In ogni caso, restavo un Montesa e Fabio Massimo, che ne aveva assunto il magistero, si ricordava benissimo di me; mi convocò una prima volta in soccorso di Milano, poi per una azione diversiva in Monferrato, ed infine mi convinse a tornare in patria.
La situazione non era migliore di quando ero partito, Re Carpegna parea sempre più mummia che vivente, e tal sua condizione avea contagiato l'intera città. Noi, comunque, potevamo almeno tener alto l'onore del Regno sostenendo gli alleati di Castiglia nelle loro campagne contro i ribelli; un impegno che accettai di buon grado, essendovi stato incoronato un vecchio cliente, Giovanni Pignatelli, che aveva chiamato i due parigini di cui ho detto a responsabilità di governo.
Rimasi stupito nel vedere Burgos, pochi mesi prima squallidissima, come rifiorita. Commentai con Carlo tutti i cambiamenti che avevo notato e, dopo un tempo che mi parve lunghissimo, lui si limitò ad osservare: “qui hanno un nuovo re”.
Le operazioni contro i ribelli vennero sospese quando dovemmo schierarci a difesa contro una minaccia di invasione genovese, ma la questione venne poi appianata senza spargimento di sangue.
Sulla via del ritorno si aggregò alla nostra colonna il mio amico vichingo, diretto a Valencia per conferire con Re Carpegna. Il Von Luxemburg gli aveva delegato alcuni incarichi, il che mi parve tanto strano qual sodalizio fra diavolo e acqua santa.
In ogni caso non avemmo modo di sviscerare la questione, perché gli eventi presero una piega del tutto inattesa.

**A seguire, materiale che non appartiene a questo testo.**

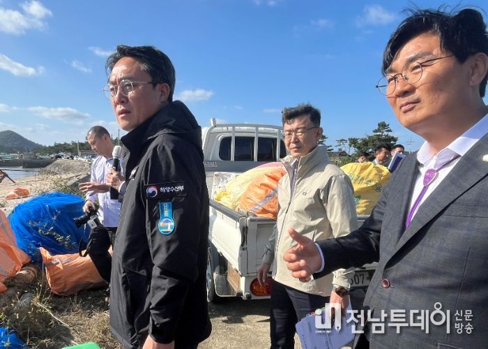 전남투데이 김완규 기자 | 전라남도는 23일 신안 압해도 현장 방문에 나선 강도형 해양수산부장관에게 신속한 해양쓰레기 수거처리를 위한 국비 지원율 상향과 인프라 확충, 해양환경정화선 신규 건조 지원 등을 건의했다.

Poco ho da aggiungere alle cronache ufficiali sulla rivolta contro il Carpegna.
La mummia incoronata avea passato il segno, e se non lei i loschi figuri che ancora la animavano.
Noi Montesa forzammo la volontà del nostro Gran Maestro acciocché sottraesse lo scettro a tanta putredine, il popolo tutto si unì alla nostra prece, e persino il giudice, il direttore dell'accademia ed il Vassallo di Valencia si schierarono con noi.
Quest'ultimo, ritengo, ci seguì a malincuore, avendo divisato di poter esser egli stesso a risollevare i nostri destini, ma poiché pronto non era e stolto neppure fece mostra d'entusiasmo..
Fosse stato possibile irromper d'impeto a palazzo, la questione sarebbe stata risolta in un momento: ma i necessari preparativi richiesero tempo e così, pur cogliendo il successo, fummo coglionati.
Fabio Massimo fu re senza spargimento di sangue, ma senza il becco di un quattrino, imperocché la mummia e tutti i suoi tesori s'eran dileguati per un passaggio segreto. I dettagli ci furon rivelati da una spaurita e graziosa giovinetta che, per quanto ne so, tuttora presta servizio nella dimora reale, presumo con maggior soddisfazione che in passato.
Quel giorno stesso fui capitano della guardia, non tanto per virtù mia quanto per il buon cuore di Carlo, che assunse il comando dei Montesa e lasciò a me l'alloggio di servizio.
Di quelle stanze ne avevo un gran bisogno, essendo fuor discussione ch'io potessi acquistar casa e assai disdicevole che continuassi a sperperar li liquidi in taverna; però, in quei primi tempi, fui guerriero senza riposo.
Dapprima dovetti occuparmi delle requisizioni in danno del Carpegna, poi il Condè mi segnalò che i Portoghesi gli chiedevano assistenza per l'impresa di Braganza.
La gran calura ed il delicato momento politico non eran, per noi, propizi alla spedizione, ma il nuovo ruolo pubblico impediva, a me personalmente, di defilarmi.
Senza gran convinzione affidai ad un banditore la mia richiesta di volontari, ed il risultato fu doppiamente sorprendente: ne accorsero in buon numero e, anziché i compagni di sempre, si trattava di reclute della milizia.
L'unico volto vagamente familiare era quello del giovane Teobaldo, parente ed erede di un amico passato a miglior vita. Era sicuramente l'elemento più dotato e meglio equipaggiato, ma le sue scarpe stavan cadendo a pezzi e dovetti passargli quelle mie.
Quel contingente improvvisato mi avrebbe riempito d'orgoglio: fu il più rapido a schierarsi in campo, si batté con efficacia, e uscì dalla prova con modestissime sofferenze.
Io spacciai senza gran fatica il mio paio di buzzurri, ma di tal risultato non meno gran vanto.
Vero trofeo della giornata fu l'arruolamento dei Varano in nostra armata.